I have logged all my food on MFP for 60 days in a row! Woot! Woot! It seems everyone has a different timescale for what makes a habit. I have logged for 2 months now, but I wouldn’t call it a habit yet, it’s more like a benign chore. Just something that needs to be done in order to function as an adult, like cleaning the kitchen. I don’t really mind and I feel better once I’ve done it.

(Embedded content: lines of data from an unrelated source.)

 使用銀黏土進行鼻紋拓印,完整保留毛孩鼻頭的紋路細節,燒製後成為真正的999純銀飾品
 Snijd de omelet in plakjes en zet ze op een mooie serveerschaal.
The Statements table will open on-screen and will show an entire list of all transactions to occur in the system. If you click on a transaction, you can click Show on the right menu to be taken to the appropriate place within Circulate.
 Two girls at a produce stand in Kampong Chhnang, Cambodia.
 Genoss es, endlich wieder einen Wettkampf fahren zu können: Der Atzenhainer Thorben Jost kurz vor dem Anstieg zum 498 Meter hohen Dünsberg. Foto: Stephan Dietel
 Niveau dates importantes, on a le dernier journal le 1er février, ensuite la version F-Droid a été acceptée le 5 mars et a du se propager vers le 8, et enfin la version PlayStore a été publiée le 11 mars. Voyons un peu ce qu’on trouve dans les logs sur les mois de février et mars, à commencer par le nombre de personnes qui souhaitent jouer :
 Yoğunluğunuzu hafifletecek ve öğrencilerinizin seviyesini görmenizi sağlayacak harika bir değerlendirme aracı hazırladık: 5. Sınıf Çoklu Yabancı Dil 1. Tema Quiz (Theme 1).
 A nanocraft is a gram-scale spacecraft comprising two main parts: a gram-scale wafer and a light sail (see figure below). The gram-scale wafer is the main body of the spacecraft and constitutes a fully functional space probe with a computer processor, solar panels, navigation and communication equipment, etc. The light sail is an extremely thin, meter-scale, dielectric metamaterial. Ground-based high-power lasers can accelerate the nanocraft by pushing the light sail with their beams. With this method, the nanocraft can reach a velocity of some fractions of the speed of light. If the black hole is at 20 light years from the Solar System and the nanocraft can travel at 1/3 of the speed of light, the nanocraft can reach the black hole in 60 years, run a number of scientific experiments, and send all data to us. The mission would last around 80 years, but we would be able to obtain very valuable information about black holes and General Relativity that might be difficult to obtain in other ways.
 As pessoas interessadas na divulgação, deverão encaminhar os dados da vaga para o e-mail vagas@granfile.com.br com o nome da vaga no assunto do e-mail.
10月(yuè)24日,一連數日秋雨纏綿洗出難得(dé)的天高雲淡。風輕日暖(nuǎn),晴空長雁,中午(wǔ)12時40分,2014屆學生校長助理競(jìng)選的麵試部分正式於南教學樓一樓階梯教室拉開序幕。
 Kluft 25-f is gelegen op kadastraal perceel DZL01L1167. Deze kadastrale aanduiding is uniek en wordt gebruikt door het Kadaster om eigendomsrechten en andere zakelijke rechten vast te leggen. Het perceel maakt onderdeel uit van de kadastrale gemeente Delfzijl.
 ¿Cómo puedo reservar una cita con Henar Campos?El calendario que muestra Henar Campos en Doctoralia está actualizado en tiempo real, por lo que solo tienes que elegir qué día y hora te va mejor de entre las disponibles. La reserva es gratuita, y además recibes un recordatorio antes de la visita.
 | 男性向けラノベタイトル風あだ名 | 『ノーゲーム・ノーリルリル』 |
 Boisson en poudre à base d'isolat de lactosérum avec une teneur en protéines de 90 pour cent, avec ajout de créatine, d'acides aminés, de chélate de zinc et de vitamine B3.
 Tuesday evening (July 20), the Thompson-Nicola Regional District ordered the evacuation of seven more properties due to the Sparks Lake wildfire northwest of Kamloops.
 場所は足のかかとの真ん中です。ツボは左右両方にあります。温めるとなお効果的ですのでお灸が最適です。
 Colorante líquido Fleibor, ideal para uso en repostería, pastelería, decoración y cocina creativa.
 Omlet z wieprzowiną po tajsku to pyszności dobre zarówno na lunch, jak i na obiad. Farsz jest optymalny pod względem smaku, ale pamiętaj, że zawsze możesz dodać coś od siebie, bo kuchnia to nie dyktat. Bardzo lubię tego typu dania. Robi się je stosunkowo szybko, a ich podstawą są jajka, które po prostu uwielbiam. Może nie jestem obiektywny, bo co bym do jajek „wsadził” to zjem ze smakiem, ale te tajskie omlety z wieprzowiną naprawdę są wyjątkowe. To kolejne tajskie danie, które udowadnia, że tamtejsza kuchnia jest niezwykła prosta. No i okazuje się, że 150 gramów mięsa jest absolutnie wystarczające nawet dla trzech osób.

After I felt myself losing focus last week, I made the following list of Scale and Non-Scale Victories that I am looking forward to checking off:

Scale Goals:

✔ Down 10 lbs: 268 lbs
☐ Down 25 lbs: 253 lbs
☐ Weigh <250 lbs by John and Sam’s wedding (Sept 20, 2019)
☐ Lose more than my son weighs: ~243 lbs
☐ Down 50 lbs: 228 lbs
☐ Weigh less than my husband: 224 lbs
☐ Under 100 kg: 220 lbs
☐ BMI Class 2 Obese: 215 lbs (39.3 bmi)
☐ Onderland: 199 lbs
☐ BMI Class 1 Obese: 188 lbs (34.4 bmi)
☐ 100 lbs down: 178 lbs
☐ BMI Class Overweight: 161 lbs (29.4 bmi)
☐ Reached Goal Weight: 160 lbs
☐ Lose ~1.2 lbs/week on average

 Non-Scale Goals:

☐ Someone notices my weight loss
☐ Wedding ring fits on ring finger
☐ Fit into 2x company cotton polo
☐ Fit into wedding dress
☐ Ride a rollercoaster without worry
☐ Take an airplane without worry
☐ Buy clothes in standard shops
☐ Fit into skinny clothes box
☐ My husband is able to lift me up

It really helps me to focus on the small scale victories. Looking at  losing 100+ pounds is simply daunting and seemingly insurmountable. But my next scale goal is just 6 pounds away!